Swimmingly…

Today I reminded one of my favorite clients about the power of making decisions.  I reminded him of the book titled, The Unthinkable.  This is the book, remember, that highlights the three phases to making a decision during a crisis.  Here they are.  

Denial.

Deliberate.

Decide.

The first phase we mostly deny the need to do anything different.  On 9/11 the survivors took, on average, six minutes denying that there was a reason to head for the stairwells.  The second phase we acknowledge the need to do something and begin to look at all the alternatives. As leaders we tend to err on the side of caution here. We over evaluate.  We chew the cud.  We ruminate.  We procrastinate.  We wait for the authorities to tell us what to do.  We tell ourselves that we are being prudent. The truth is that we are being “chicken shits.”  
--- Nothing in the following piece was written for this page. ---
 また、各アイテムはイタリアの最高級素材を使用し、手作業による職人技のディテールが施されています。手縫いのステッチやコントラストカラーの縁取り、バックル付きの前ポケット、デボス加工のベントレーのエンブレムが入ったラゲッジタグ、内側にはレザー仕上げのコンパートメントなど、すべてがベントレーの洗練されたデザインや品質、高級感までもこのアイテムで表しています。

The final phase is deciding to ACT.  

I encourage all my clients to make more decisions and to make them faster.  The beauty is not in being right, it’s in being active.  The greatest leaders have a bent toward action.  Yes, they think first.  They simply understand that we can only think our way so far.  To get to the “other side” they realize that action is the only way. Transformational leaders understand that action is where it’s at.  They ACT.  Very cool.
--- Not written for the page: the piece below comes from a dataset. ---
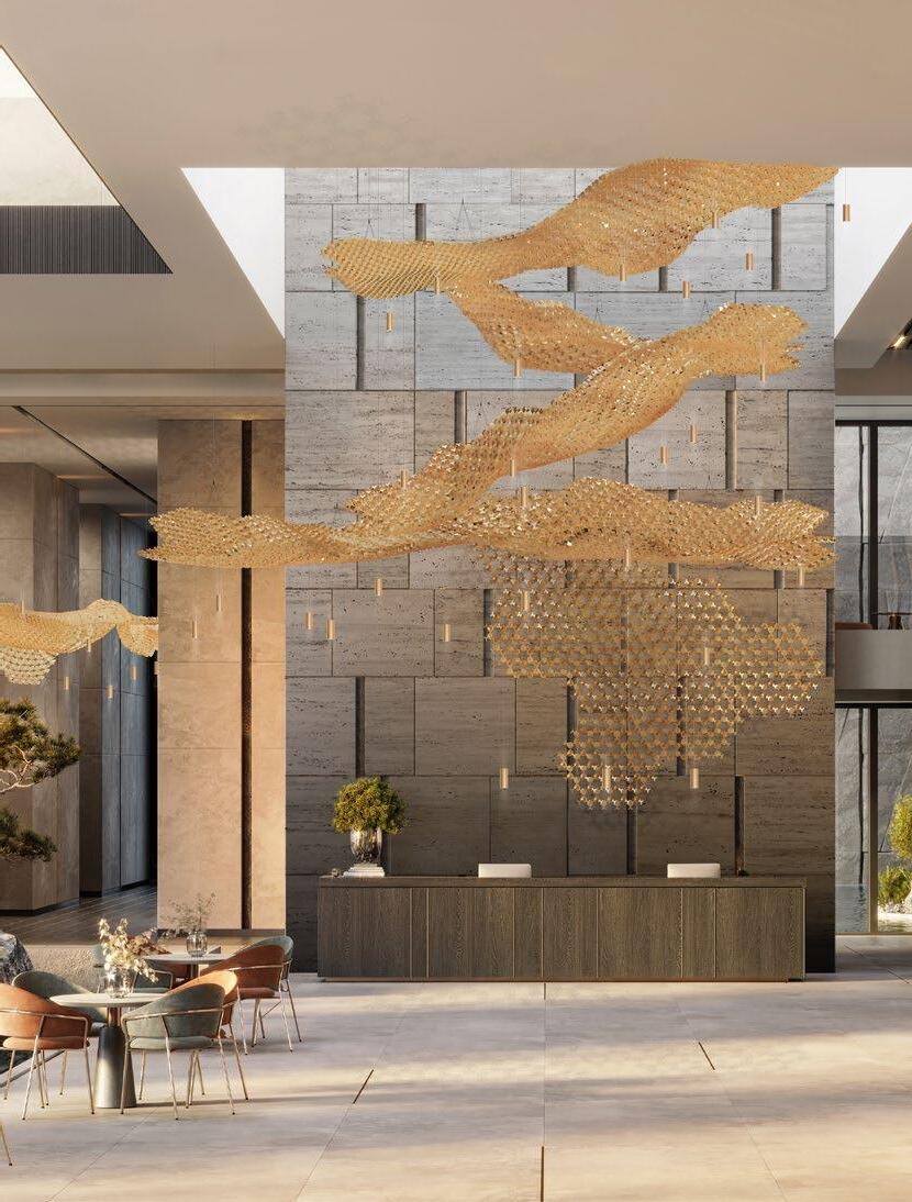 The suspension’s colors and size can be customized upon request, fitting for large scale installations.

Tonight, I received an email that highlighted four decisions that my client made.

TODAY.

Three went “swimmingly,” according to him.  

That, my friends, is what I call a stroke in the right direction.  

What decisions did you make today?

What decisions did you put off?

What decisions are you still deliberating?

Why?

Why?

Why?

Did you know the team is looking at each other and asking themselves this question, “What is he waiting for?”

1 thought on “Swimmingly…

  1. I made a decision today. It feels good. We are trying like hell to find customers that are more like partners. We found another. The customer was asking, wanting helping all in the spirit to work with us. It wasn’t aligned perferctly with what $ we wanted but it was aligned perfectly for what kind of customer we want. I made a decision the relationship means more for the future. The job is ours, but more importantly it is ours, us and our new partner.